One final note on CoQ10: A study was done on a small group of heart failure
patients who had all been stabilized on their heart med's, and who had shown
a positive response to long-term ( 3- 8 months) supplementation of CoQ10.
Within 2 -3 weeks of stopping CoQ10, 5/9 patients experienced deterioration
severe enough to require hospitalization and two patients died of,
respectively, pulmonary embolism and myocardial infarction. Those who
relapsed after COQ10 withdrawal, recovered after the supplementation was
reinitiated. The researchers concluded that," withdrawal may be dangerous,
especially in Class III-IV failure... that COQ10 is a lifetime therapy, and
probably lifesparing therapy, particularly for potential heart transplant
candidates." [Mortensen, SA, et al.]
I was unaware of this last study, when I cut back on CoQ10 supplementation
for my own cat, who developed a sudden aversion to med's after her initial
recovery. Immediately after this reduction, she exhibited some subtle
behavioral changes, which I now know should have been a warning sign. A few
weeks after cutting her dosage back from daily to 1x or 2x a week, she
suffered an embolism and died, without exhibiting any classic symptoms of
heart failure (lethargy, cough, etc). It is difficult to say that there was
a direct cause and effect relationship between the reduction in CoQ10 use and
her death, but if I knew then what I know now, I would never miss giving it
for even a day or two. But hindsight is always 20:20.
Sorry for the length of this message, but knowledge is meaningless if not
shared freely. Good luck to you all.
- View SourceDear Victoria,
Thank you so much for this very clear and concise explanation of COQ10.

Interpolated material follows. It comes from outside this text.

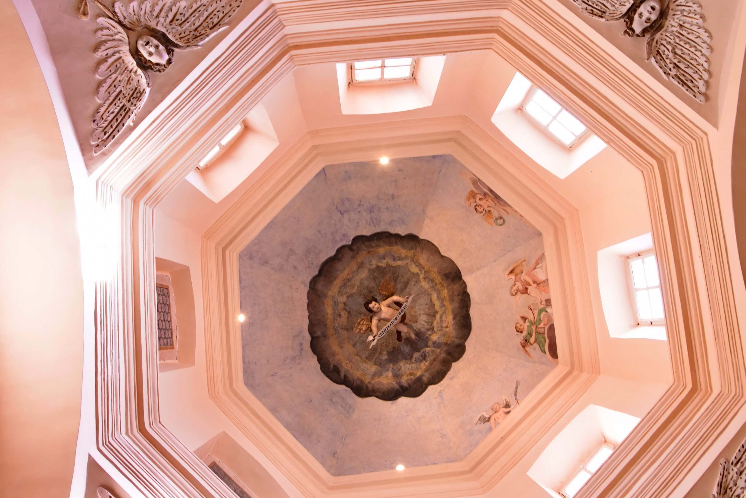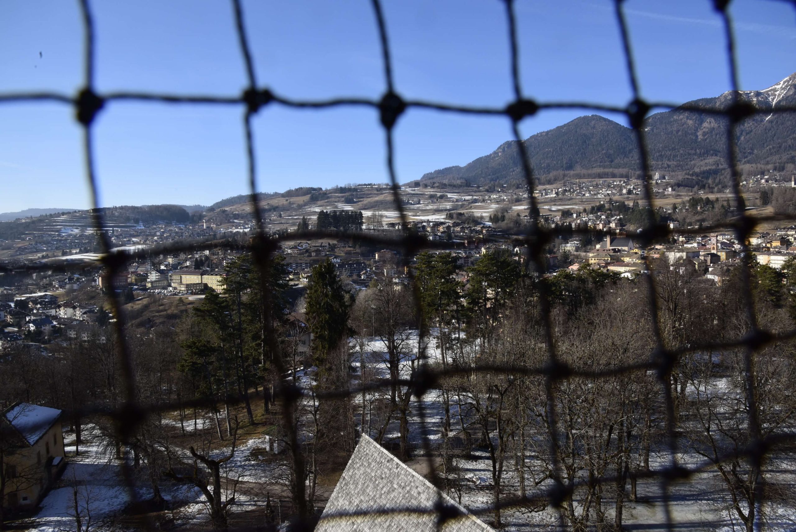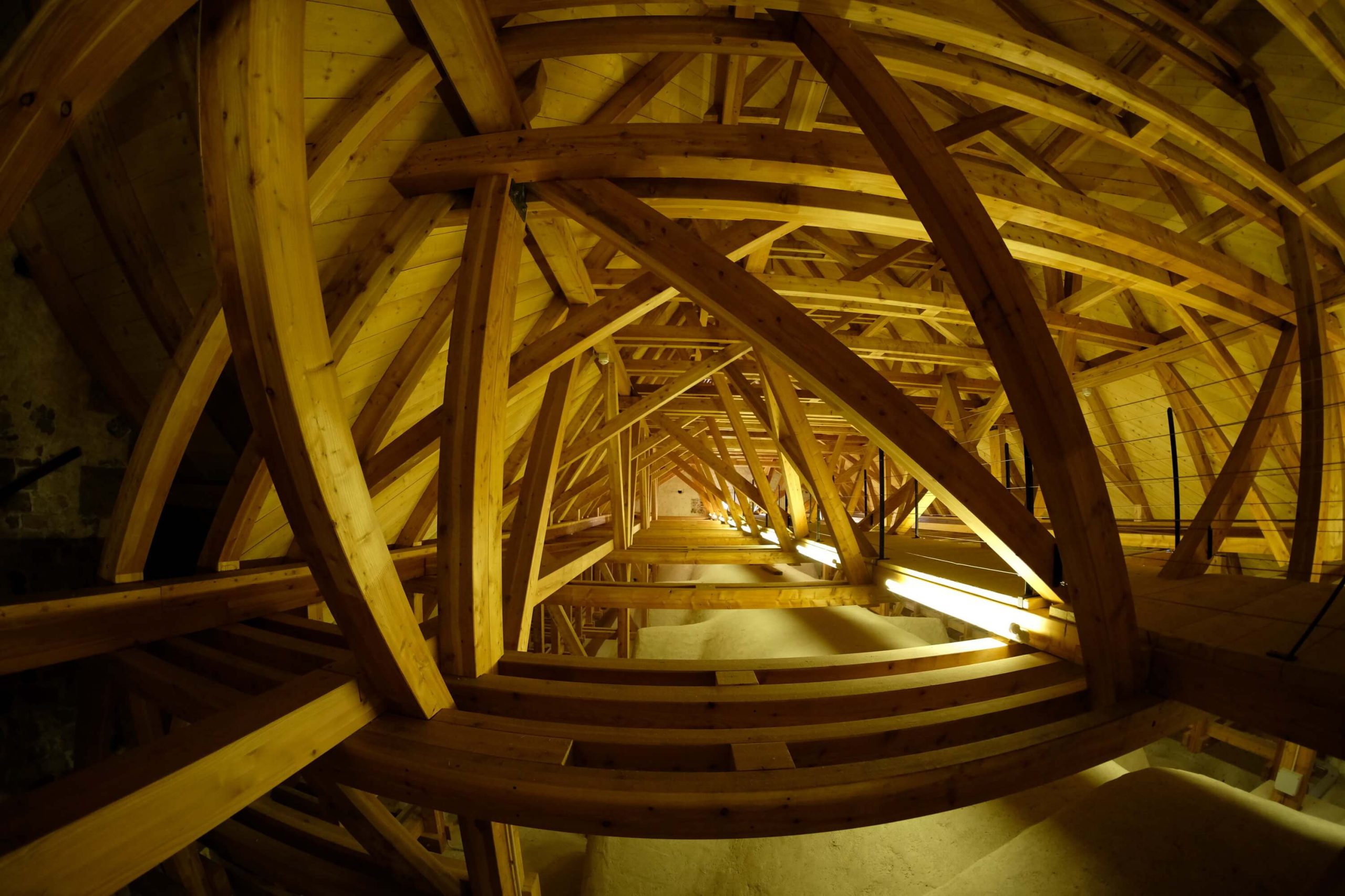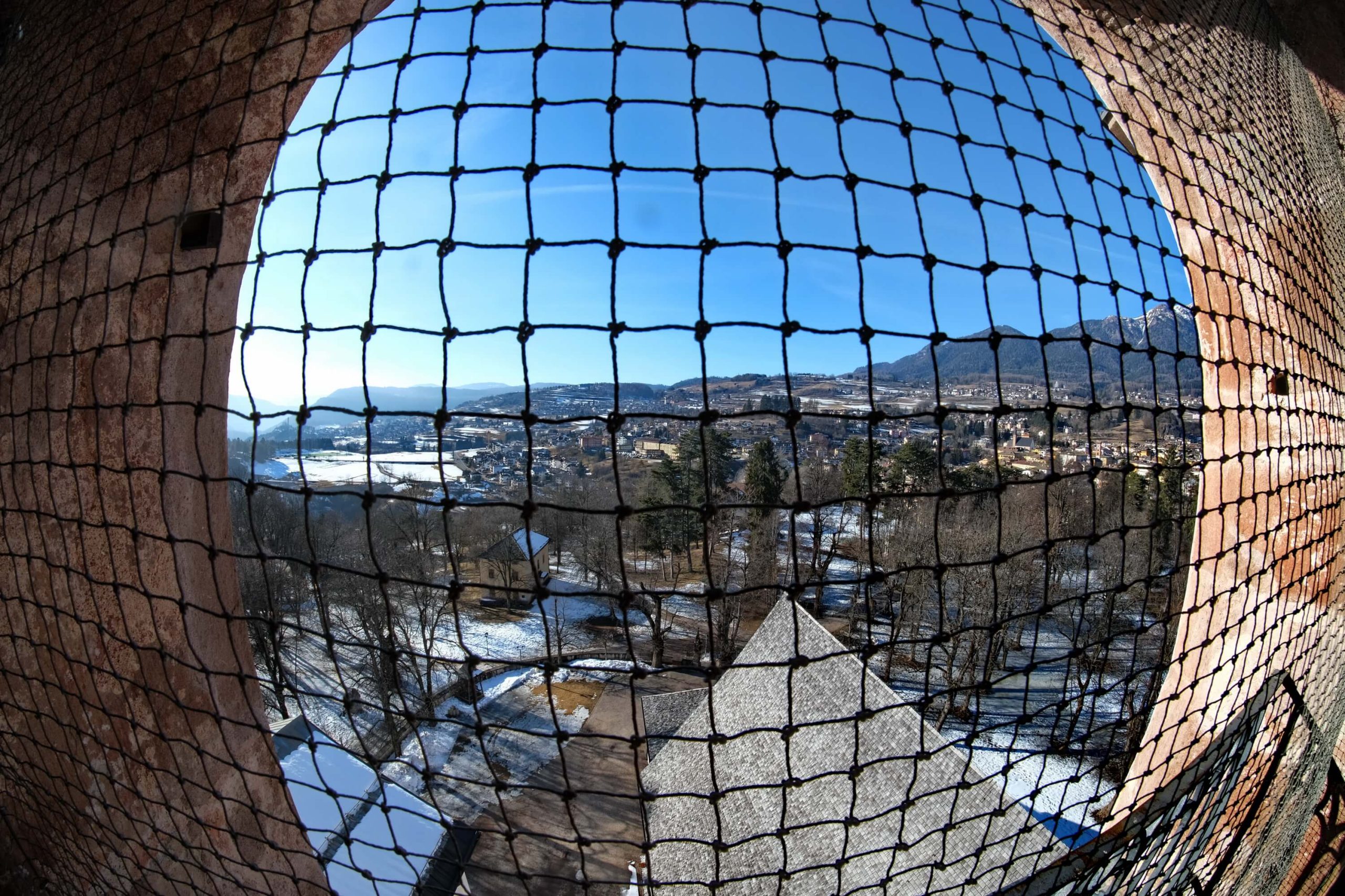 Gli alzati della struttura attuale sono quelli del XV secolo e, a testimonianza della chiusura del cantiere, sul serraglio posto in chiave alla volta troviamo un gruppo di stemmi in pietra: l’aquila di San Venceslao, stemma del Principato vescovile di Trento, quello del vescovo Giorgio Hack (1446-1465) e quello dei nobili Firmian.

I think you have made a very good argument for its use. I wonder if you
know the best form and strength to take it. I heard someone on a radio talk
show - and of course, he was selling his own product, who said it was more
usable in a liquid form. I can't recall seeing it in a liquid - have you?
I am so
sorry now that I did not give COQ10 to my cat after he was diagnosed.

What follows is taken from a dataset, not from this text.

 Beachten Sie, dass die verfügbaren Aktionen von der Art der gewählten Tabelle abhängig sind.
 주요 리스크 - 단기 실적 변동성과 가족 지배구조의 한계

Actually, I did try, but he was able to sniff out anything different in his
food. I should have tried harder.
----- Original Message -----
Sent: Thursday, July 12, 2001 5:36 AM
Subject: [feline-heart] COQ10 and cardiomyopathy
- View SourceVictoria,
Thank you SO MUCH for this excellent post about CoQ10. That's exactly
what I was looking for, and really helps. (I've also heard CoQ10 helps
reduce bad cholesterol in addition to all the other great things it
does for heart function.)
I'm so sorry your kitty died. There is so much we don't know and so
much we can't control in taking care of our babies... we just do the
very best we can with what we know, as I'm sure you did. Yeah, that's
my vet's usual reaction when I suggest a supplement: "can't hurt".